Content starts
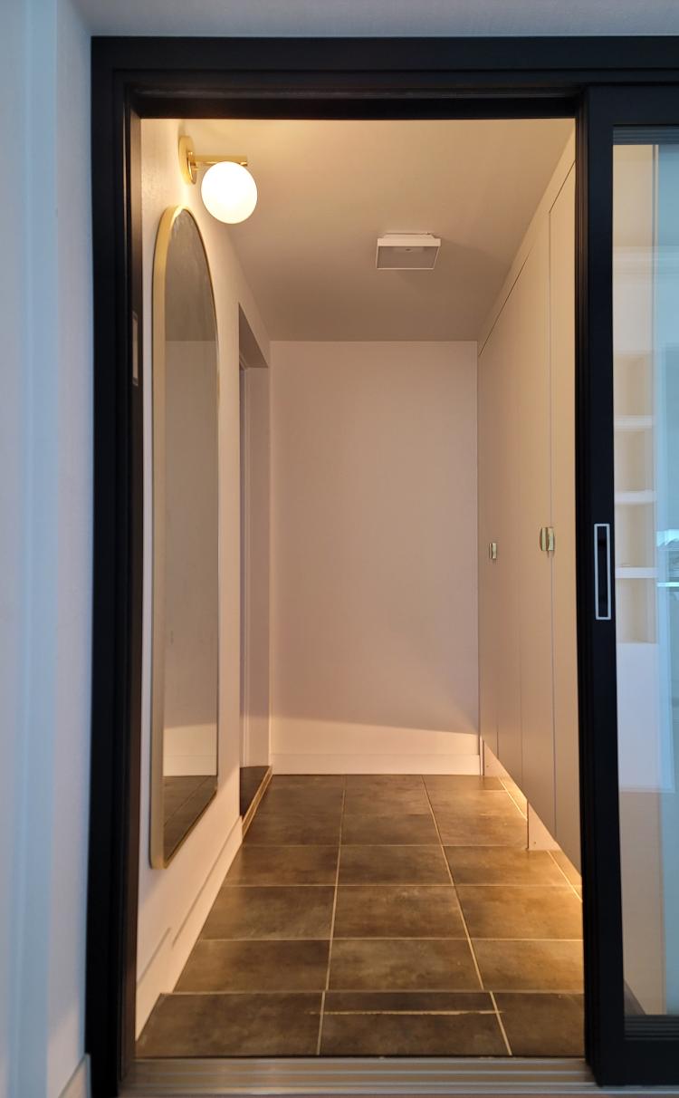 현관은 금빛 테두리의 전신거울과 금빛 조명이 포인트에요. 저는 풍수 인테리어는 신경 쓰지 않는 편인데요. 남편은 집으로 들어오는 입구에 황금빛이 있는 걸 좋아하더라고요.
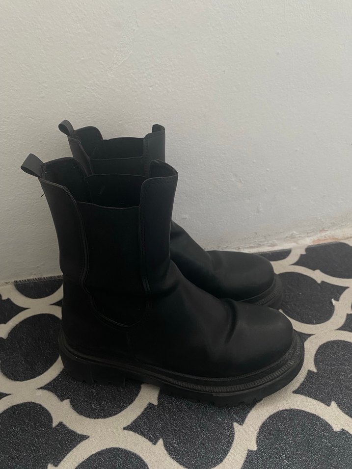 Siyah lastik botlar, platform topuklu ve tokalı detaylı. Gotik tarzda, günlük kullanıma uygun, koyu ve desensiz görünüme sahip.
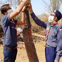 In Our unit leader 's guidance , we collected empty plastic cans from the people of our town shape them like parinda for the birds and put in different areas of the town with the support of police staff and our scout fellows.
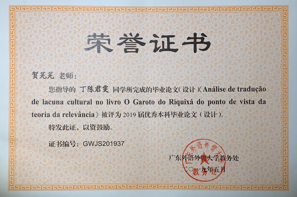 2019届本科生丁陈君雯撰写的“Análise de Tradução de Lacuna Cultural no Livro O Garoto Do Riquixá do Ponto de Vista da Teoria da Relevância(从关联理论视角分析《骆驼祥子》葡译本的文化缺省翻译)”论文也获评为其专业唯一优秀本科毕业论文,贺芫芫讲师担任论文指导老师。《骆驼祥子》是少有的拥有葡萄牙语直译本的中国文学作品。它由经典国际出版工程资助,是中国文化走出去的一个尝试。对这本书翻译情况的为探索更多更好的中葡翻译方法,促进中国文学在葡萄牙语世界的传播具有参考意义。
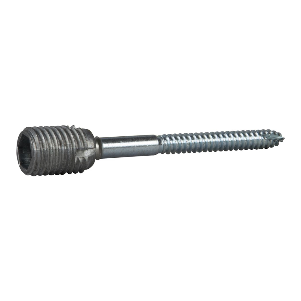 Essve Programa Plus Karmskrue består af en udvendigt gevindskåret zinkmuffe og en gennemgående stålskrue, der kan rotere frit i muffen.
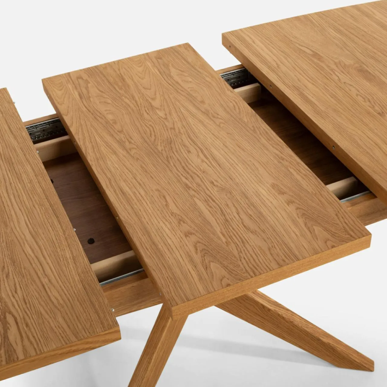 - Synchroniczna prowadnica umożliwia rozkładanie stołu w pojedynkę – pociągnij krawędź blatu, a druga rozsunie się sama.
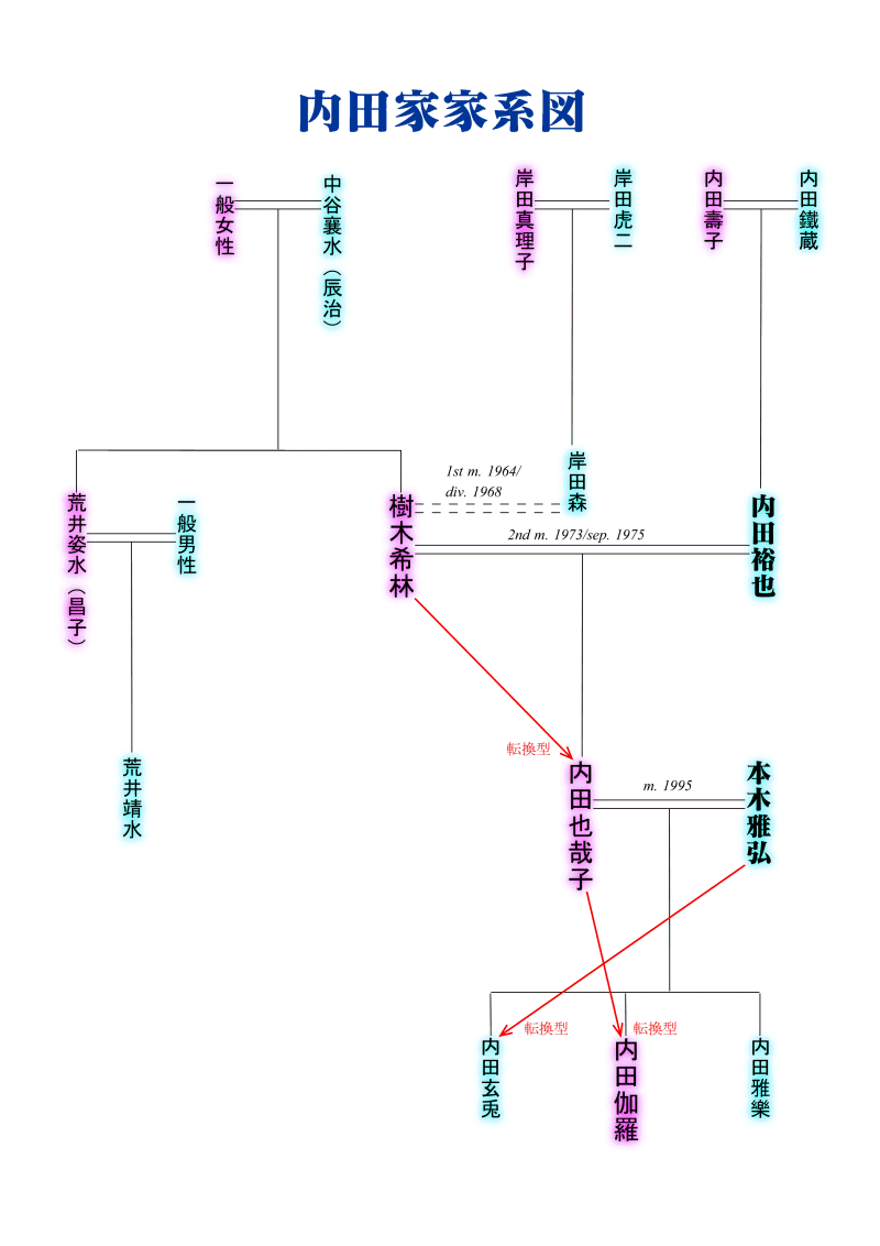 ミュージシャンや俳優として活躍された内田裕也さん、妻の樹木希林さん、娘婿で元シブがき隊メンバーの本木雅弘さんに関連する内田家の縦横の法則と三親血縁の法則です。
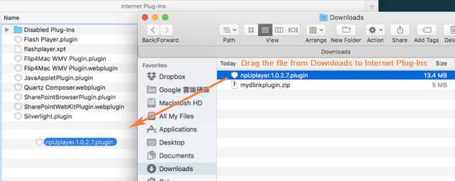 4. Open Downloads, Internet Plug-Ins windows, drag the unzipped file from Downloads to Internet Plug-Ins folder.
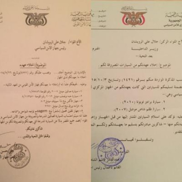 وأكدت وثيقة إخلاء العهدة التي تقدم بها القائم بأعمال رئيس جهاز الأمن السياسي على إستلام السيارتين المشار إليها من قبل الجهاز وإخلاء عهدة اللواء جلال الرويشان منها عندما كان يشغل منصب رئيس جهاز الأمن السياسي العام الماضي.
Content ends
## Task item
All records are to be reproduced exactly; the pictures are to be omitted.

## Completed task
 현관은 금빛 테두리의 전신거울과 금빛 조명이 포인트에요. 저는 풍수 인테리어는 신경 쓰지 않는 편인데요. 남편은 집으로 들어오는 입구에 황금빛이 있는 걸 좋아하더라고요.
 Siyah lastik botlar, platform topuklu ve tokalı detaylı. Gotik tarzda, günlük kullanıma uygun, koyu ve desensiz görünüme sahip.
 In Our unit leader 's guidance , we collected empty plastic cans from the people of our town shape them like parinda for the birds and put in different areas of the town with the support of police staff and our scout fellows.
 2019届本科生丁陈君雯撰写的“Análise de Tradução de Lacuna Cultural no Livro O Garoto Do Riquixá do Ponto de Vista da Teoria da Relevância(从关联理论视角分析《骆驼祥子》葡译本的文化缺省翻译)”论文也获评为其专业唯一优秀本科毕业论文,贺芫芫讲师担任论文指导老师。《骆驼祥子》是少有的拥有葡萄牙语直译本的中国文学作品。它由经典国际出版工程资助,是中国文化走出去的一个尝试。对这本书翻译情况的为探索更多更好的中葡翻译方法,促进中国文学在葡萄牙语世界的传播具有参考意义。
 Essve Programa Plus Karmskrue består af en udvendigt gevindskåret zinkmuffe og en gennemgående stålskrue, der kan rotere frit i muffen.
 - Synchroniczna prowadnica umożliwia rozkładanie stołu w pojedynkę – pociągnij krawędź blatu, a druga rozsunie się sama.
 ミュージシャンや俳優として活躍された内田裕也さん、妻の樹木希林さん、娘婿で元シブがき隊メンバーの本木雅弘さんに関連する内田家の縦横の法則と三親血縁の法則です。
 4. Open Downloads, Internet Plug-Ins windows, drag the unzipped file from Downloads to Internet Plug-Ins folder.
 وأكدت وثيقة إخلاء العهدة التي تقدم بها القائم بأعمال رئيس جهاز الأمن السياسي على إستلام السيارتين المشار إليها من قبل الجهاز وإخلاء عهدة اللواء جلال الرويشان منها عندما كان يشغل منصب رئيس جهاز الأمن السياسي العام الماضي.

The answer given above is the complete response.